Interview: Naomi Tadevossian - 'It definitely is fun, hurtling and sliding down the set, but it’s also as scary as it looks.'

Tuesday 18 April 2017

Motionhouse, one of the UK’s foremost Dance Theatre companies, brings Scattered to London. The show features their trademark highly-physical style of dance and acrobatics, combined with lavish imagery projected on a groundbreaking curved set.

We speak to Naomi Tadevossian, a dancer with Motionhouse, about what it’s like to dance with the iconic set and how she recovers at the end of this high-intensity show.

Tell us a little bit about the thinking behind Scattered

Scattered explores our relationship with water. Kevin Finnan (Motionhouse’s Artistic Director) takes his inspiration from common human concerns and our connection to the world we live in. With Scattered, he wanted to examine water as a magical substance in our everyday lives and how without it, life on Earth could not exist.

What do you think has made the show so successful?

I think the phenomenal success of Scattered is down to the combination of its amazing set and the music and the visual imagery which work together to create a cinematic experience.

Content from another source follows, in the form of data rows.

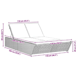 Relax and enjoy the outdoors in this comfortable double sun lounger! Durable material: PE rattan, also known as poly rattan, is a strong, low-maintenance synthetic material that looks like natural rattan. It's lightweight, easy to clean, and commonly used for outdoor furniture due to its durability and weather-resistant properties. Adjustable backrest: This outdoor furniture features a backrest with 4 adjustable positions, allowing you to easily find the most comfortable and suitable position for relaxation. Comfortable seat experience: This outdoor furniture, complete with thickly padded cushions, offers a comfortable seating experience. Removable and washable cover: These seat cushions feature removable covers for easy washing and maintenance. Robust and stable frame: The powder-coated steel frame ensures that the garden furniture is strong and stable for daily outdoor use. Good to know:To make sure your outdoor furniture stays beautiful, we recommend protecting it with a waterproof cover.
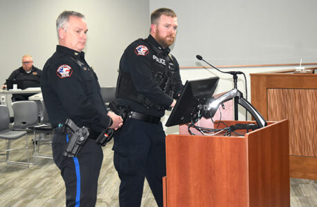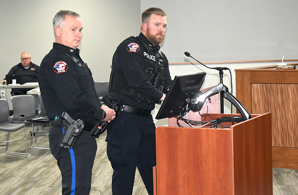 T-R PHOTO BY ROBERT MAHARRY — Marshalltown Police Chief Chris Jones and Capt. Kiel Stevenson discuss public safety cameras with the city council during Monday night’s meeting.
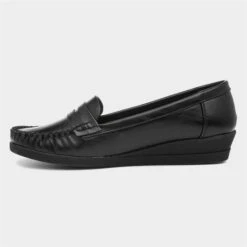 A failsafe way to complete any casual look. These womens black moccasin style casual shoes feature a round whip stitched toe, low wedge and a grip sole. They are perfect for creating a look that is smart yet casual. Style these with any type of trousers, formal dress or even skirts, they are simply versatile.
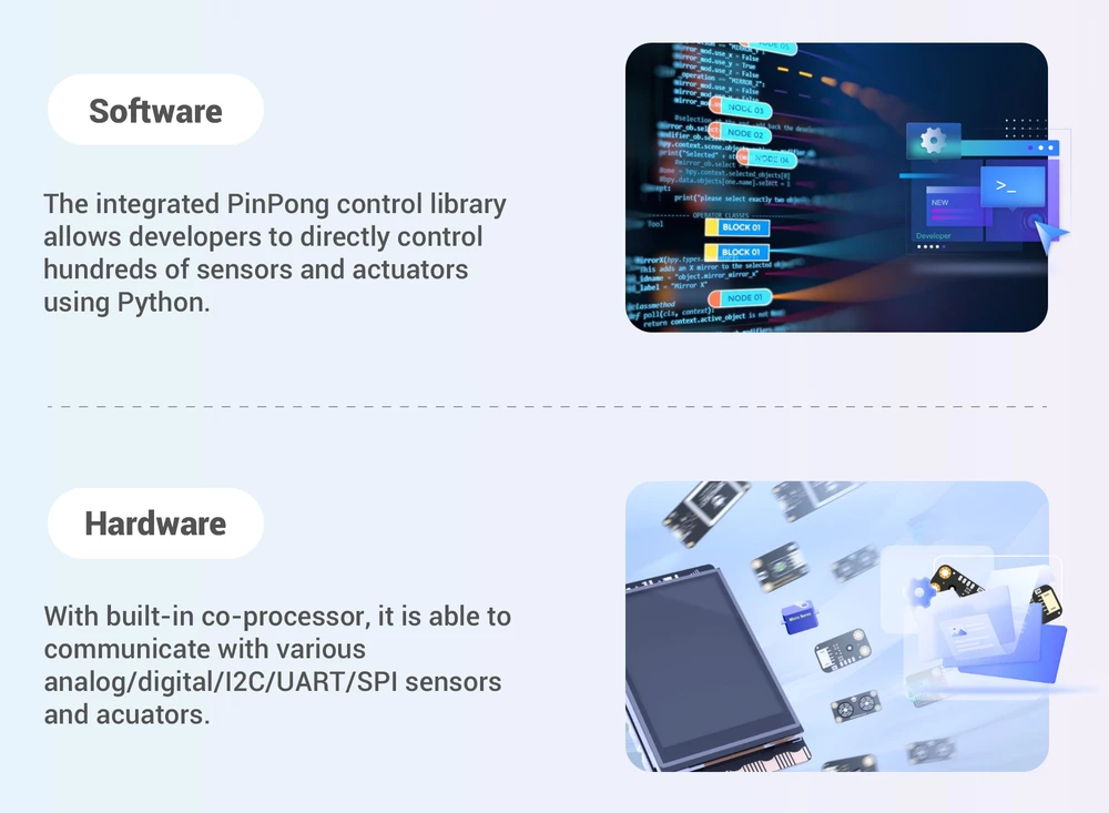 Like other single-board computers, UNIHIKER also supports VS Code, VIM and Thonny. The built-in PinPong control library allows developers to directly manage UNIHIKER's internal sensors and hundreds of connected sensors and actuators using the Python language.
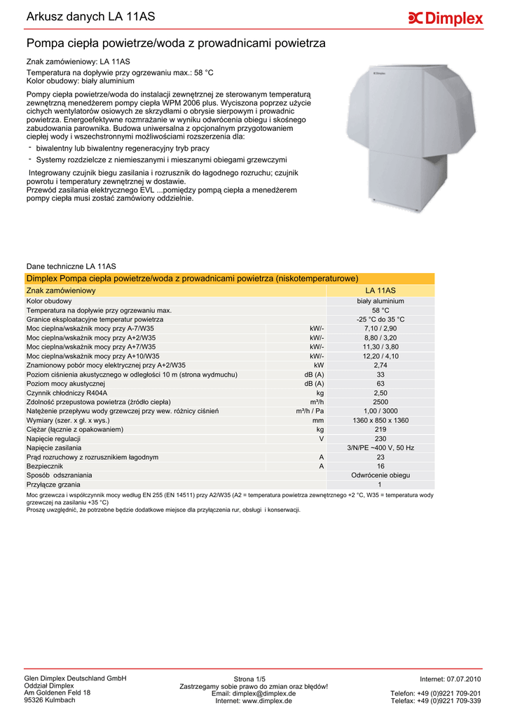 Arkusz danych LA 11AS Pompa ciepła powietrze/woda z prowadnicami powietrza Znak zamówieniowy: LA 11AS Temperatura na dopływie przy ogrzewaniu max.: 58 °C Kolor obudowy: biały aluminium Pompy ciepła powietrze/woda do instalacji zewnętrznej ze sterowanym temperaturą zewnętrzną menedżerem pompy ciepła WPM 2006 plus. Wyciszona poprzez użycie cichych wentylatorów osiowych ze skrzydłami o obrysie sierpowym i prowadnic powietrza. Energoefektywne rozmrażanie w wyniku odwrócenia obiegu i skośnego zabudowania parownika. Budowa uniwersalna z opcjonalnym przygotowaniem ciepłej wody i wszechstronnymi możliwościami rozszerzenia dla: - biwalentny lub biwalentny regeneracyjny tryb pracy - Systemy rozdzielcze z niemieszanymi i mieszanymi obiegami grzewczymi Integrowany czujnik biegu zasilania i rozrusznik do łagodnego rozruchu; czujnik powrotu i temperatury zewnętrznej w dostawie. Przewód zasilania elektrycznego EVL ...pomiędzy pompą ciepła a menedżerem pompy ciepła musi zostać zamówiony oddzielnie. Dane techniczne LA 11AS Dimplex Pompa ciepła powietrze/woda z prowadnicami powietrza (niskotemperaturowe) Znak zamówieniowy LA 11AS Kolor obudowy Temperatura na dopływie przy ogrzewaniu max. Granice eksploatacyjne temperatur powietrza Moc cieplna/wskaźnik mocy przy A-7/W35 Moc cieplna/wskaźnik mocy przy A+2/W35 Moc cieplna/wskaźnik mocy przy A+7/W35 Moc cieplna/wskaźnik mocy przy A+10/W35 Znamionowy pobór mocy elektrycznej przy A+2/W35 Poziom ciśnienia akustycznego w odległości 10 m (strona wydmuchu) Poziom mocy akustycznej Czynnik chłodniczy R404A Zdolność przepustowa powietrza (źródło ciepła) Natężenie przepływu wody grzewczej przy wew. różnicy ciśnień Wymiary (szer. x gł. x wys.) Ciężar (łącznie z opakowaniem) Napięcie regulacji Napięcie zasilania Prąd rozruchowy z rozrusznikiem łagodnym Bezpiecznik Sposób odszraniania Przyłącze grzania kW/kW/kW/kW/kW dB (A) dB (A) kg m³/h m³/h / Pa mm kg V A A biały aluminium 58 °C -25 °C do 35 °C 7,10 / 2,90 8,80 / 3,20 11,30 / 3,80 12,20 / 4,10 2,74 33 63 2,50 2500 1,00 / 3000 1360 x 850 x 1360 219 230 3/N/PE ~400 V, 50 Hz 23 16 Odwrócenie obiegu 1 Moc grzewcza i współczynnik mocy według EN 255 (EN 14511) przy A2/W35 (A2 = temperatura powietrza zewnętrznego +2 °C, W35 = temperatura wody grzewczej na zasilaniu +35 °C) Proszę uwzględnić, że potrzebne będzie dodatkowe miejsce dla przyłączenia rur, obsługi i konserwacji. Glen Dimplex Deutschland GmbH Oddział Dimplex Am Goldenen Feld 18 95326 Kulmbach Strona 1/5 Zastrzegamy sobie prawo do zmian oraz błędów! Email: [email protected] Internet: www.dimplex.de Internet: 07.07.2010 Telefon: +49 (0)9221 709-201 Telefax: +49 (0)9221 709-339 Wyposażenie urządzenia LA 11AS Opis Typ-nr Numer artykułu Ilości przykładow e LA 11AS EVL 996-1 EVL 997-1 EVL 998-1 EVL 999-1 339950 321990 322000 322010 359120 1 1 AS 976 PSW 100 PSW 200 PSW 500 KPV 25 DDV 25 UP 60 UP 80 WWM 25 UPE 60 VTB 25 MMH 25 MMB 25 322180 351090 339830 339210 346590 358390 340300 340310 346600 358870 339870 348640 348880 HL 11C HL 16C HL 26C HL 36C HCT 300 HDLR 450 351730 351740 351750 351760 351210 337450 WWSP 332 WWSP 880 WWSP 442E 346610 337880 353370 PWS 332 CTHK 631 CTHK 632 CTHK 633 CTHK 634 FLH 60 FLHU 70 FLH 25M SVK 852 PWD 750 348620 336180 335910 322140 322150 338060 338070 349430 326660 349100 PWD 900 362860 VTB 25 WWM 25 WPG 25 339870 346600 356030 1 UP 60 340300 1 NWPM EWPM LWPM 410 RBG WPM AP PGD FG 3115 Norm NTC-2 FA 550 KRRV 003 356960 356970 339410 339700 356570 336620 353400 338550 322070 Sztuk Cena Pompa ciepła Pompa ciepła powietrze/woda z prowadnicami powietrza Przewód sterowniczy 10 m Przewód sterowniczy 20m Przewód sterowniczy 30m Przewód sterowniczy 40 m Akcesoria hydrauliczne Przyłącze węża 1* Podstawa zbiornika buforowego 100l* Podstawa zbiornika buforowego 200 l* Uniwersalny zbiornik buforowy 500 l* Kompaktowy rozdzielacz z zaworem przelewowym* Podwójny rozdzielacz bezciśnieniowy Pompa obiegowa wody grzewczej Pompa obiegowa wody grzewczej Moduł ciepłej wody / moduł niemieszanego obiegu grzewczego Elektronicznie regulowana pompa obiegowa dla wody grzewczej Belka rozdzielacza Mieszany obieg grzewczy z czujnikiem temperatury Moduł mieszalnika do systemów biwalentnych 1 1 1 1 Akcesoria do ogrzewania Konwektor wentylatorowy grzanie/chłodzenie* Konwektor wentylatorowy grzanie/chłodzenie* Konwektor wentylatorowy grzanie/chłodzenie* Konwektor wentylatorowy grzanie/chłodzenie* Ogrzewanie rurowe 3 kW Podzespoły rur do grzałek* Wyposażenie dodatkowe przygotowania ciepłej wody Zasobnik ciepłej wody 300 l z czujnikiem temperatury* Zasobnik ciepłej wody 400 l z czujnikiem temperatury* Design zasobnik ciepłej wody z obudową z blachy i czujnikiem temperatury* Kombinacja zbiorników dla ogrzewania i przygotowania ciepłej wody Grzałka 2,0 kW CTHK 631 Grzałka 2,9 kW CTHK 632 Grzałka 4,5 kW CTHK 633 Grzałka 6,0 kW CTHK 634 Ogrzewanie kołnierzowe do ciepłej wody Ogrzewanie kołnierzowe do ciepłej wody Ogrzewanie kołnierzowe FLH 25M Układ zaworów zabezpieczających Zbiornik kombinacyjny dla ogrzewania i centralnego podgrzewania przepływowego wody pitnej* Zbiornik kombinacyjny dla ogrzewania i centralnego podgrzewania przepływowego wody pitnej* Belka rozdzielacza Moduł ciepłej wody / moduł niemieszanego obiegu grzewczego Seria pomp DN 25 do bezpośredniego podłączenia zbiornika ciepłej wody Pompa obiegowa wody grzewczej 1 1 1 Wyposażenie dodatkowe techniki regulacji Rozszerzenie dla podłączenia sieci Ethernet Rozszerzenie dla przyłączenia magistrali KNX/EIB Karta wtykowa menedżera pompy ciepła Grupa przekaź ników basenu / zdalny wskaź nik zakłóceń Pilot zdalnego sterowania WPM 2006/2007/EconPlus/R* Czujnik temperatury zewnętrznej w obudowie Czujnik temperatury Czujnik systemowy Termostat ogrzewania i ciepłej wody Glen Dimplex Deutschland GmbH Oddział Dimplex Am Goldenen Feld 18 95326 Kulmbach Strona 2/5 Zast
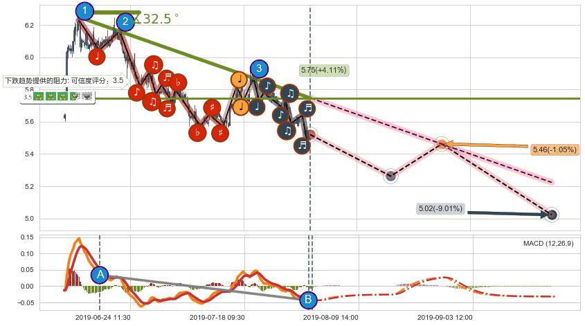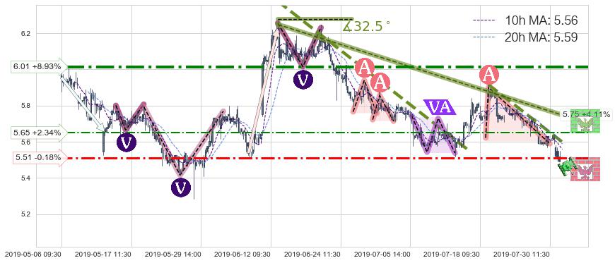 ➣ 预测:2019-08-28 11:00,【试探阻力】稳定目前下跌趋势的前提下,预测价格:5.46
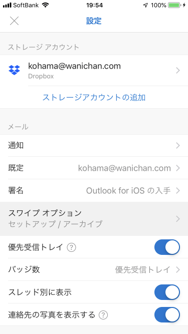 - [設定]画面の[メール]オプションから[スワイプ オプション]を選択します。
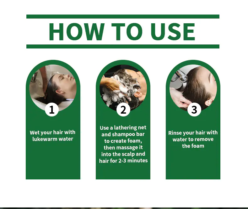 Suitable for all hair types, especially those with fine, weak, or slow-growing hair. Free from sulfates, silicones, parabens, and synthetic dyes. Simply wet your hair, lather the bar between your hands or directly onto the scalp, massage gently, and rinse. Store on a draining soap dish to keep it dry between uses.
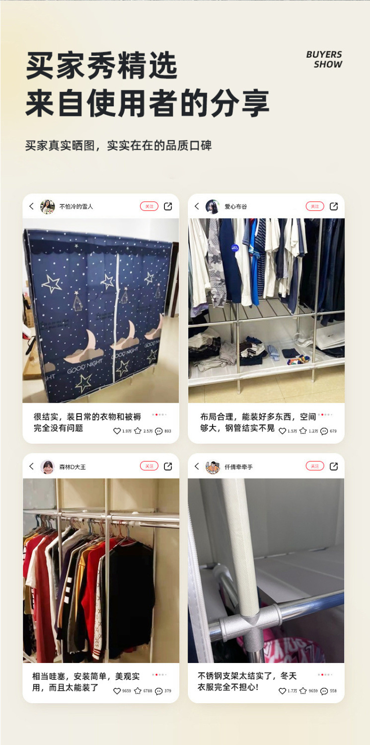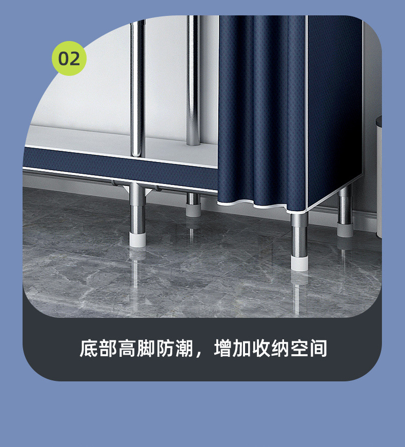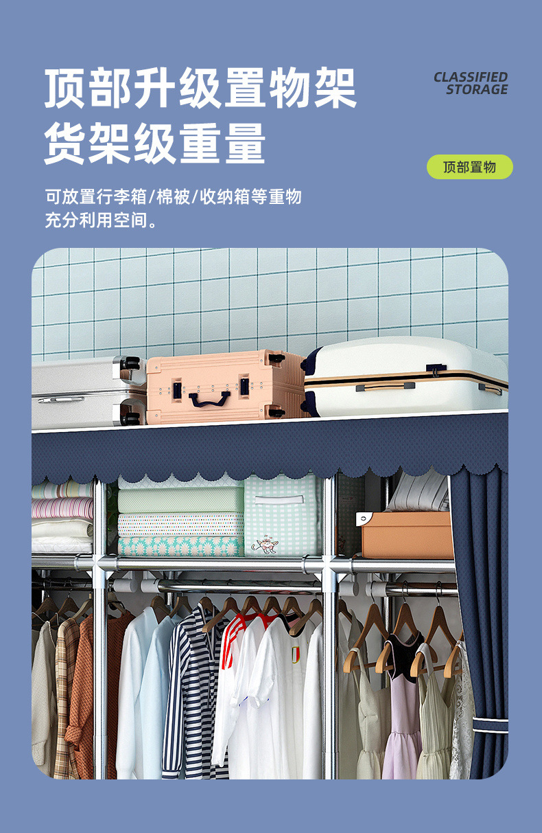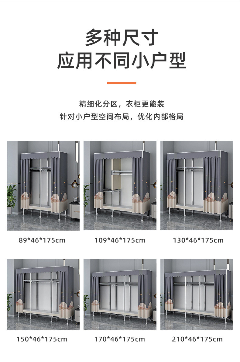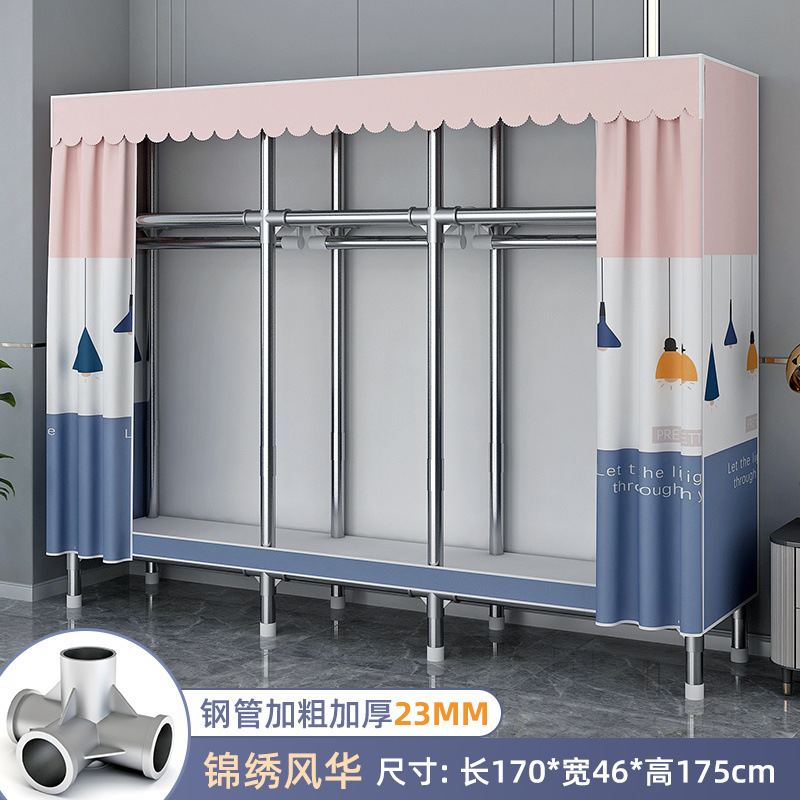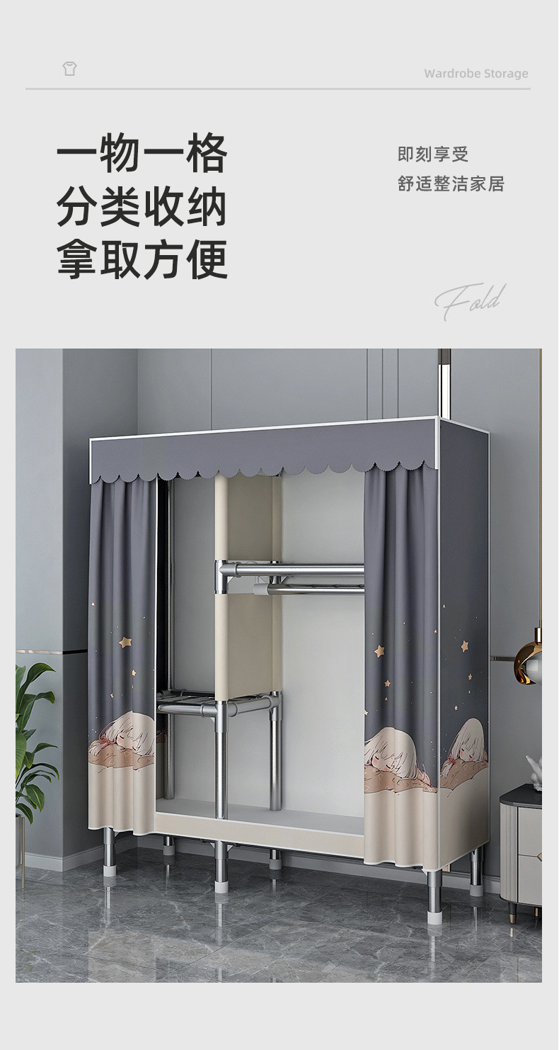 가정용 침실을 위한 합금 간단한 천 옷장 강철 프레임 두꺼운 강철 파이프 조립 임대 주택 수직 바닥 스탠드스토어 가기

This engulfs and immerses the audience, taking them on a journey that really fires people’s imaginations. I think when Kevin made the show in 2009, nobody imagined that we would still be performing it in 2017!

The set comprises of a ‘vertiginous sloping wall, inspired by a quarter pipe’ which you slide and climb. How did you feel when you first tried it out? Is it as fun as it looks?

Yes it definitely is fun, hurtling and sliding down the set, but it’s also as scary as it looks. It’s really high!

I knew I was going to be performing Scattered for a time before physically learning it. The other dancers and Kevin, our artistic director, were excited for me but would also subtly say things like ‘I wonder how you’ll feel on the ramp/if you’ll make it up ok?’

After familiarising myself with the ramp over time it became easier to gage the correct distance and force to use, because when you hit it slightly wrong the bumps and bruising will tell you!

As a dancer, how important is a set and scenery to your performance?

The set and scenery is as integral to the work as another performer. The imagery creates the scene; whether that be emotive or an environmental change to the character you are embodying. It also sets a mood for the audience, guiding them through their journey.

As a performer our interactions with one another create a type of energy that we also feel with the set. The ramp is such a large structure that when the audience enters the theatre they get a slight shiver of anticipation, and I think as a performer we have a very similar buzz.

One of my entrances in Scattered is from sliding off the top of the ramp, and I do feel very cool doing this! One of the things that makes working for Motionhouse so exciting is that each production has a new set to explore, with new abilities and limitations to test.

We are currently creating Charge , the third and final part of the Earth Trilogy, and again, the set is an integral part of the show. We’ve begun working on the set to establish the physical language for the production and I’m excited to see where we take it to.

We’ve also recently been training for another pretty impressive set – the side of a 30 metre wall in Randers Harbour for the Aarhus 2017 European Capital of Culture celebrations in September. We’ll be abseiling down the wall and aerial dancing against it, all with a digital backdrop. This set will challenge us in other ways – which we are looking forward to experiencing.

Scattered also uses film to great effect. What’s it like dancing within digital environments?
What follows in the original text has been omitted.